Podcast

Treating ‘Morally Objectionable’ Patients

James L. Knoll IV, MD, shares insights from his decades in forensic psychiatry, where he has treated some of the criminal justice system’s most difficult and dangerous patients.

PSYCHPEARLS PODCAST

Psychiatrists are not strangers to difficult and even potentially dangerous patients, but James L. Knoll IV, MD, has made these populations one of his specialties. With decades of experience in forensic psychiatry, Knoll takes listeners deep into the US criminal justice system, where he treats both inmates suffering from detention-related psychiatric disorders and an especially challenging group that he has dubbed morally objectionable patients.

In this conversation, Psychiatric TimesTM and Knoll cover:

  • What he means by the term morally objectionable patients.
  • How prisons’ strict social hierarchies can contribute to psychiatric illnesses.
  • The high prevalence of bipolar disorder and schizophrenia in corrections—and their potential causes.
  • The different challenges of treating patients in prisons vs jails.
  • Why inmates with psychiatric illnesses end up in the correctional system for longer than those without psychiatric illnesses.
  • The role of mental health courts in improving psychiatric care in the correctional system.
  • The challenges of treating patients who are high in psychopathy or have anti-social personality disorders.
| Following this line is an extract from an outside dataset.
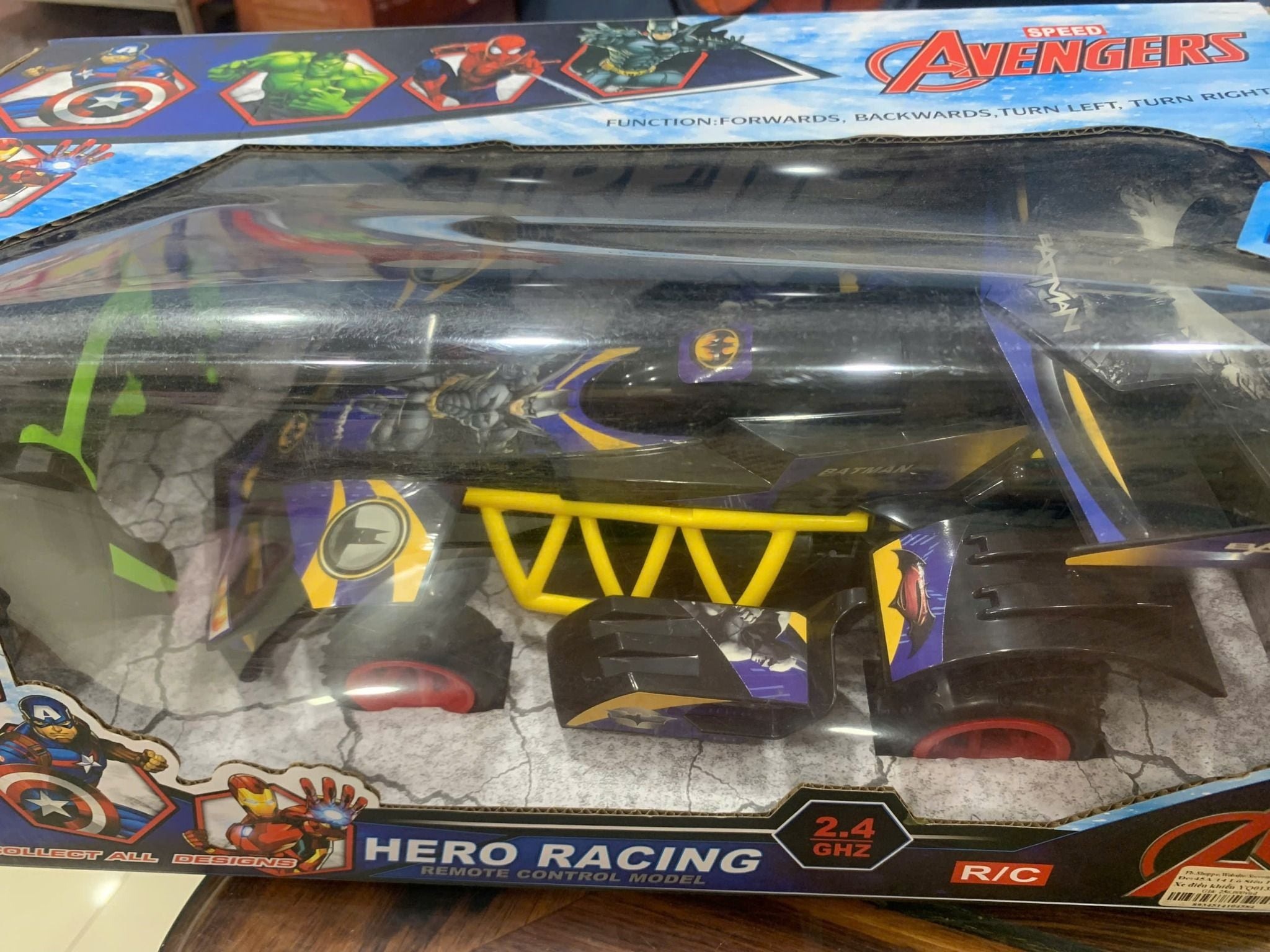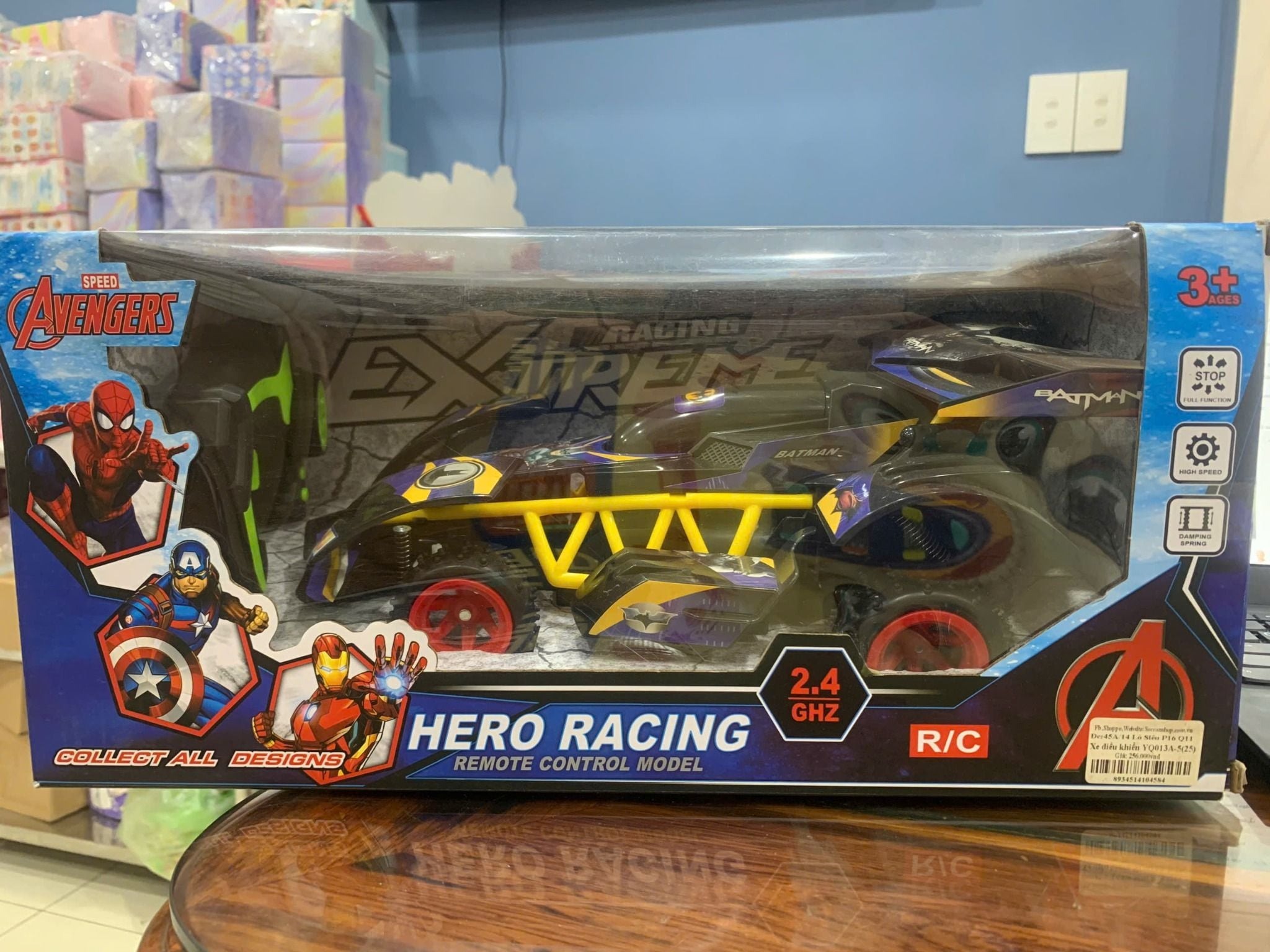 Il s’agit d’une voiture télécommandée Hero Racing Avengers sous licence Marvel. Ce jouet, qui présente les personnages de Captain America et Spider-Man, est un véhicule tout-terrain conçu pour des cascades, notamment des rotations à 360 degrés et des retournements à 180 degrés.

This is the first half of the Psych Pearls podcast with Dr Knoll. Listen to the second half of our interview, in which Knoll talks about how he first became interested in forensic psychiatry (at age 10).

Dr Knoll is professor of psychiatry and director of forensic psychiatry at SUNY Upstate Medical University in Syracuse, New York, and clinical director of Central New York Psychiatric Center in Marcy, New York. He is Emeritus Editor-in-Chief of the Psychiatric TimesTM and President-elect of the American Academy of Psychiatry and the Law (2022-23).